I was having dinner at a Polish restaurant with two groups of people from the festival – a director, her daughter, and her nanny, and three actor/artists. I was talking to the daughter, a six-year-old. I love talking to kids. You can tell them exactly what you’re thinking.
“Babe,” I said, “I feel like I want to call my mom, but it’s too early in California.” She was also monitoring the time difference between Poland and LA, since they were making phone calls to her dad pretty frequently.
“Why do you want to call your mom?” she said.
“So I can be like, “Mom, why am I here?” I said. I didn’t mean to tell her the truth – I just didn’t think of a lie in time.
“Why would you ask “Why am I here?” ? ” she said.*
At this point, one of the actor/artists overheard the conversation, turned back to us, and said “Did you just say
“Why would you ask “Why am I here?” ? ” That’s such a profound existential question!” I used the laughter after this as a way to avoid answering her.
The truth was that I did not know why I was on this trip. I am one of the younger and less experienced directors on this trip, and I have sometimes let that fact make me feel inadequate – as if I don’t deserve this experience, as if someone else could have contributed more in my place. Talking to the other participants, I have learned that we all feel something like this, a bit. Everyone has moments of insecurity.

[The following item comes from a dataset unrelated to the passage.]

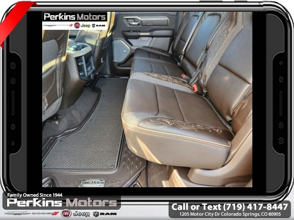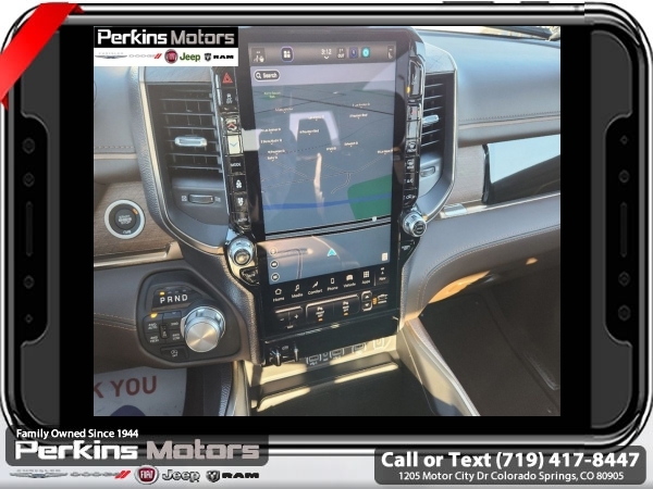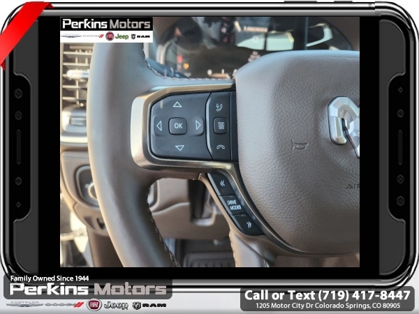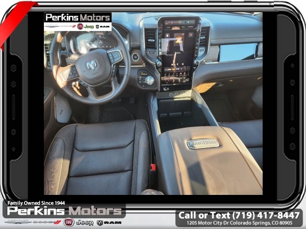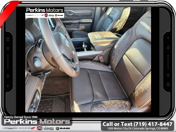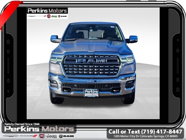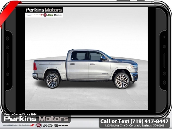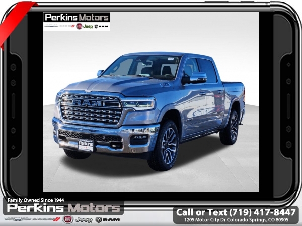 Factory MSRP: $85,140 $15,500 off MSRP! Priced below KBB Fair Purchase Price! Billet Silver Metallic Clearcoat 2025 Ram 1500 Limited 4WD 8-Speed Automatic 3.0L I6<br><br>Check us out at www.perkinsmotors.com to see our specials! Since opening our doors in 1944, we’ve been proud to serve Colorado Springs, CO, and the surrounding areas of Pueblo, Castle Rock and Denver, CO. Throughout this time of being family owned for 80 years, we’ve maintained a firm commitment to our customers: to offer a wide selection of New Chrysler, Dodge, Fiat, Jeep, and Ram vehicles and quality pre-owned vehicles, and provide a quick, no-hassle car-buying process that ensures everyone drives off the lot satisfied with their purchase.<br><br>Bed Utility Group (MOPAR 4 Adjustable Cargo Tie-Down Hooks and Truck Bed Cargo Divider), Limited Level An Equipment Group (12-Way/1-Way Trailer Connector, 14.4 Touchscreen Display, 240 Amp Alternator, 4G LTE Wi-Fi Hot Spot, Apple CarPlay, Connected Travel & Traffic Services, Connectivity - US/Canada, Disassociated Touchscreen Display, Drowsy Driver Detection, Evasive Steer Assist, For Details, Visit DriveUconnect.com, Google Android Auto, GPS Antenna Input, GPS Navigation, Hands-Free Active Driving Assist System, HD Radio, Heads-Up Display, Integrated Voice Command w/Bluetooth, Intersection Collision Assist System, LED CHMSL Lamp, Radio: Uconnect 5 Nav w/14.4 Display, SiriusXM w/360L, Smartphone As A Key Capable, Surround View Camera System, Traffic Sign Recognition, Tri-Fold Tonneau Cover, and USB Host Flip), Quick Order Package 22K Longhorn (Grille Surround 4 Chrome Texture 5 Chrome, Longhorn Badge, Longhorn Instrument Cluster Theme 3, Premium Door Trim Panel, Premium Filigree Leather Seats, and Warm Chrome Key Fob), 19 Speakers, 3.92 Rear Axle Ratio, 4-Wheel Disc Brakes, ABS brakes, Adjustable pedals, Air Conditioning, Alloy wheels, AM/FM radio: SiriusXM with 360L, Apple CarPlay/Android Auto, Audio memory, Auto High-beam Headlights, Auto Power-Folding Mirrors, Auto-dimming door mirrors, Auto-Dimming Exterior Driver Mirror, Auto-dimming Rear-View mirror, Auto-leveling suspension, Automatic temperature control, Bodyside moldings, Brake assist, Bumpers: chrome, Chrome Exterior Mirrors, Compass, Convex Wide-Angle Exterior Mirror Insert, Cruise Control, Delay-off headlights, Dome Dual LED Reading Lamp, Driver door bin, Driver vanity mirror, Dual front impact airbags, Dual front side impact airbags, Dual-Pane Panoramic Sunroof, Electronic Stability Control, Exterior 115V AC Outlet, Exterior Mirrors Courtesy Lamps, Exterior Mirrors w/Heating Element, Exterior Mirrors w/Memory, Exterior Mirrors w/Supplemental Signals, Front anti-roll bar, Front Bucket Seats, Front Center Armrest w/Storage, Front dual zone A/C, Front fog lights, Front License Plate Bracket, Front reading lights, Front wheel independent suspension, Fully automatic headlights, Garage door transmitter, Genuine wood console insert, Genuine wood dashboard insert, Genuine wood door panel insert, harman/kardon® Speakers, Heated door mirrors, Heated front seats, Heated rear seats, Heated steering wheel, Illuminated entry, Leather steering wheel, LED Dome/Reading Lamp, Low tire pressure warning, Manufacturer's Statement of Origin, Memory seat, Navigation System, Occupant sensing airbag, Outside temperature display, Overhead airbag, Overhead console, Panic alarm, ParkView Rear Back-Up Camera, Passenger door bin, Passenger vanity mirror, Pedal memory, Power door mirrors, Power driver seat, Power passenger seat, Power steering, Power windows, Premium Quilted Leather Bucket Seats, Radio data system, Radio: Uconnect 5 Nav w/12.0 Display, Rain sensing w Sale price includes all manufacture's incentives and dealer discounts. Sale price not available on lease or compatible with special APR. $1000 - 2025 National Truck Month Bonus Cash . Exp. 04/30/2025 $1500 - 2025 National Conquest Dealer Cash. Exp. 04/30/2025 $4000 - 2025 National Retail Consumer Cash. Exp. 0

But knowing that other people share these feelings does not prevent me from feeling them.
However, today, I think I have figured it out.
I am here precisely because I am young and less experienced. I am still untethered enough that, if my life needs to be changed by this experience, it can be. This might not be true if I were older and had done everything I want to do already. This seems obvious. I had formulated it before in a kind of “I’m here to learn” thing. But that wasn’t really enough.
I am here because I am still a questionmark.
Realizing this makes me feel very powerful, somehow – as if having nothing means we have everything
*For extra points, tell me if I have punctuated this properly.